Advanced Capabilities

  • 🤖 AI Prompt Enhancement: Automatically optimize prompts using Gemini Flash for superior results
  • 🔍 Google Search Integration: Generate images based on real-time information
  • 🎨 Reference Images: Use up to 14 images for style consistency and character preservation
  • 📐 Flexible Aspect Ratios: Support for 10 aspect ratios (1:1, 16:9, 9:16, 3:2, 4:3, 4:5, 5:4, 2:3, 3:4, 21:9)
  • 💭 Thought Process Visibility: See the model's thinking process (interim images and reasoning)
  • 🚀 Batch Processing: Generate multiple images efficiently with parallel processing
  • 🎯 Dual Modalities: Get both text explanations and images in responses

Production Ready

  • Comprehensive error handling and validation
  • Configurable settings via environment variables
  • Detailed logging and debugging
  • MCP resources for configuration and model information

🎬 Showcase - Gemini 3 Pro Image Features

Gemini 3 Pro Image - Experience state-of-the-art image generation with advanced reasoning and high-resolution output.

Key Features in Action

All images can be generated with 4K resolution and AI prompt enhancement enabled.

Example Use Cases

1. High-Resolution Professional Assets

Generate a 4K image of "modern office interior with natural lighting"
- Model: gemini-3-pro-image-preview
- Image Size: 4K
- Aspect Ratio: 16:9

2. Real-Time Data Visualization

Generate an image with Google Search grounding:
"Visualize the current weather forecast for the next 5 days in San Francisco as a clean, modern weather chart.
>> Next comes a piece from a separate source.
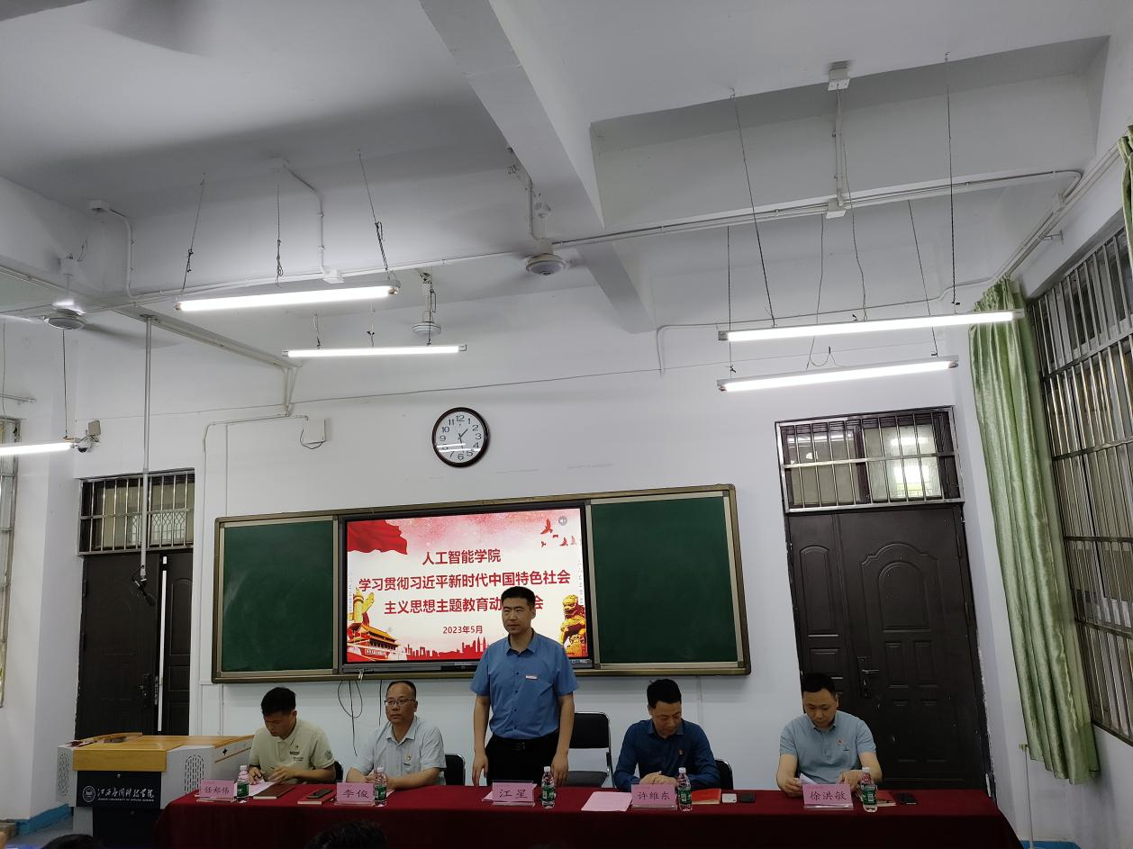 5月5日下午,人工智能学院召开学习贯彻习近平新时代中国特色社会主义思想主题教育动员会议,深入学习贯彻习近平总书记在中央主题教育工作会议上的重要讲话精神,认真落实党中央部署和省委要求,对学院开展主题教育进行动员部署。校党委副书记、纪委书记、主题教育领导小组副组长江星出席会议并讲话。学院领导班子成员,科室负责人,全体党员,发展对象及入党积极分子参加会议。会议由学院党总支书记许维东主持。

Add a visual on what I should wear each day"
- Enable Google Search: true
- Aspect Ratio: 16:9

3. Reference Image Consistency

Use reference images to maintain consistent characters:
- Provide up to 5 human reference images
- Provide up to 6 object reference images
- Generate "An office group photo of these people, they are making funny faces"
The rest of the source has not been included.